По мере увеличения такой однобокости власть короля разлагается, ибо она только изначально и временно состояла из способности соединять полярности бытия в символе: чем отчетливей становится сознание, тем более «монархичнее» становится его содержимое, которое желает подчинить себе все, что ему противоречит. Однако кульминация этого процесса является одновременно и началом его конца: «Сама природа человека, бессознательное немедленно стремится к компенсации, и это противно крайнему состоянию, ибо оно всегда считает себя идеальным», доказывая свою правоту убедительными аргументами. Но жизнь хочет не только ясности, но и загадочности, не только света, но и тьмы она хочет, чтобы за каждым днем наступала ночь, и по этой причине «король» постоянно нуждается в обновлении, которое начинается с погружения в свою собственную тьму, с ухода в свои собственные глубины и с напоминания о том, что он находится в кровном родстве со своим противником (подобно противоречивым отношениям Зевса и Прометея). Чтобы излечиться от своей болезни, он должен «полностью понять и узнать центр и полностью посвятить себя ему, и этот центр будет освобожден от несовершенств и возвращен в свое состояние изначальной монархии»118: здесь восстанавливается доминанта, утрата которой была чревата утратой вечных образов и вторжением хаоса.

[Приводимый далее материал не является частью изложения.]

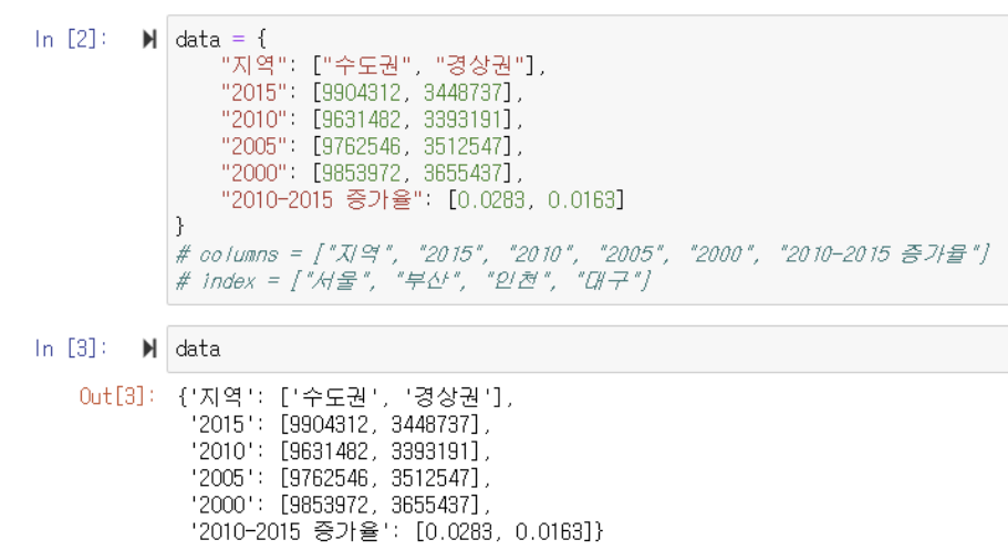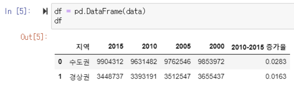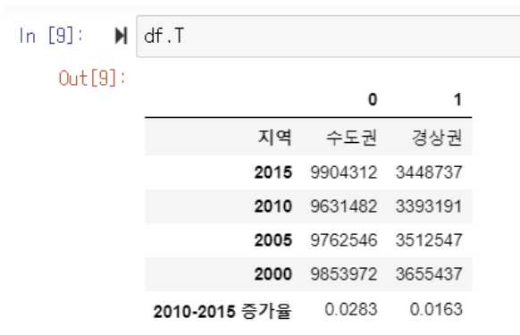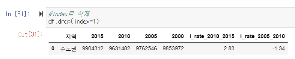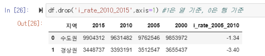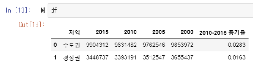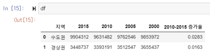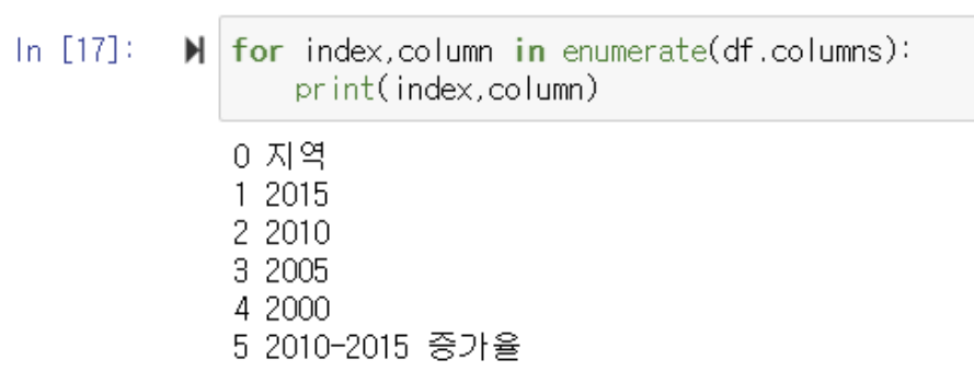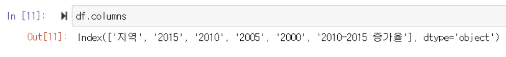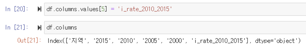 ⇒ df.columns = ['지역': '2015','2010','2005','2000','i_rate_2010_2015']으로도 표현이 가능하지만 column이 많은 경우에는 힘들기 때문에 지양함
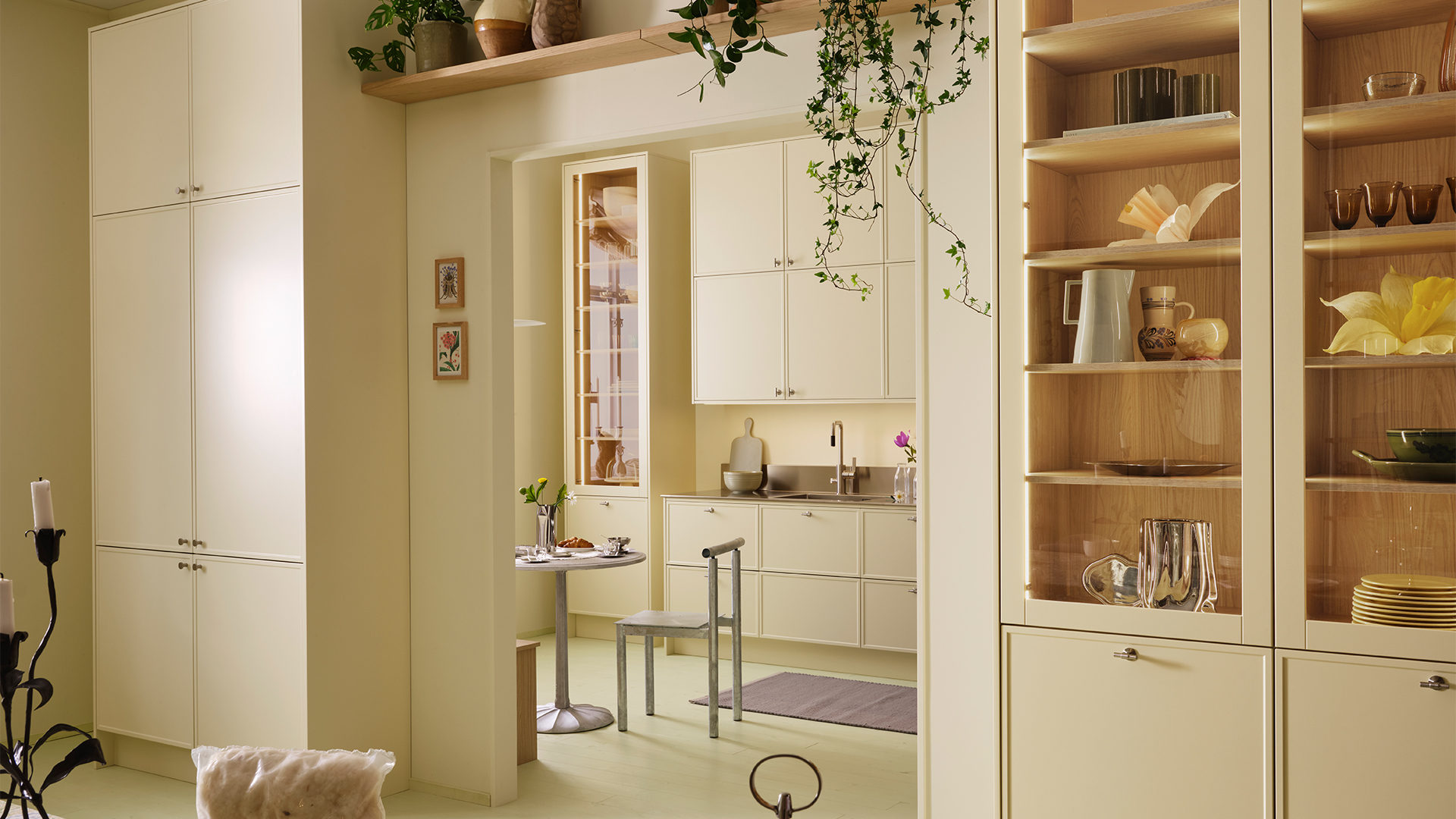 Vår nya kulör cremegul får det här solkyssta köket att stråla som i ett varmt morgonljus. Den nya luckan Thea med en smal, elegant ram skapar ett stilrent, arkitektoniskt uttryck. Materialmötet mellan rostfri diskbänk och vitpigmenterad ek inuti vitrinskåpen ger liv åt miljön. Ett soligt, fjäderlätt kök som andas både retro och framtid.

5. Вокруг Круглого стола короля Артура
У Вольфрама фон Эшенбаха Парсифаль своевременно осознает, что он довольно самонадеянно поставил рыцарскую куртуазность выше христианского сострадания, и решает во что бы то ни стало в качестве покаянного подвига найти замок Грааля. Попытка проникнуть туда силой приводит героя только к новому греху – убийству рыцаря – тамплиера, но его все возрастающее благочестие обеспечивает ему встречу с отшельником, от которого герой и узнает о происхождении Грааля, некогда принесенного ангелами, и о больном короле, чья рана – несомненный результат греха, и о том, что только сострадание открывает путь к Граалю и спасению.
Члены рыцарских орденов эпохи крестовых походов были одновременно и монахами, и воинами. Дух рыцарства и монашества в них органически сочетался. Рыцарская поэзия была ближе к духу церкви, чем народный эпос, поскольку первая развилась из религиозного духа Средних веков, тогда как второй имел корни в более древних народных верованиях. Но поэма Вольфрама о Граале чужда какой-либо иерархической мысли: служители Грааля, по сути, духовные лица, но прежде всего они – рыцари. Поэтому и романная ситуация здесь обусловлена сразу двумя разными подходами к определению истинного поведения, необходимого для героя; рыцарская гордость и самонадеянность не позволяют ему задавать вопросы. Он не желает знать об установленных, в том числе и для него самого, правилах и законах, полагая себя стоящим выше них. Мотив феодального «кулачного права», права сильнейшего, здесь демонстративно присутствует и подчеркивается. С другой стороны, христианская этика настаивает на смирении, сочувствии к страждущим, и ее аксиомы все как бы сотканы из вопрошаний, в конечном счете обращенных к Богу. Переплетение обоих мотивов характерно как для Вольфрама, так и для Кретьена, и Грааль становится здесь объединяющим символом.
Слово, будь то заклинание, присяга или слова литургии, имело колоссальное значение для формирования представлений и понятий средневекового менталитета. Произнесенное слово обретало реальное существование и воздействовало на бытие: Святое Писание напоминало, что и «вначале было Слово». Любой закон мог быть сформулирован и передан лишь в определенной словесной форме. Человеческие союзы могли возникнуть только по договору, в котором обменивались словом. Всякий ритуал сопровождался произнесением словесных формул. Ошибка в их произнесении означала ничтожность соглашения, сделки, договора – судебный ордалий или поединок были выражениями Божьего слова, обвиняющего или оправдывающего спорящих.
«Слово» для средневекового мышления стало выражением власти, почему и клятву приносили прилюдно – она гарантировала честь и спасение. Клятва заменяла письменный контракт, документ купеческий по своей сути. Представление же о чести было врожденным чувством: и власть в этом смысле – это прежде всего власть по крови, защита благ, накопленных поколениями предков, – и средством для этого служила вера или искренняя верность, нарушение которой влекло изгнание. Верность достигает своей вершины в форме «королевской религии» (схожей с римским поклонением гражданскому идеалу) и в идеализации королевской власти: в окружении Карла Великого родилась даже мысль одновременно получить присягу на верность сразу от всех подданных государя, правда, мысль практически не осуществимая119.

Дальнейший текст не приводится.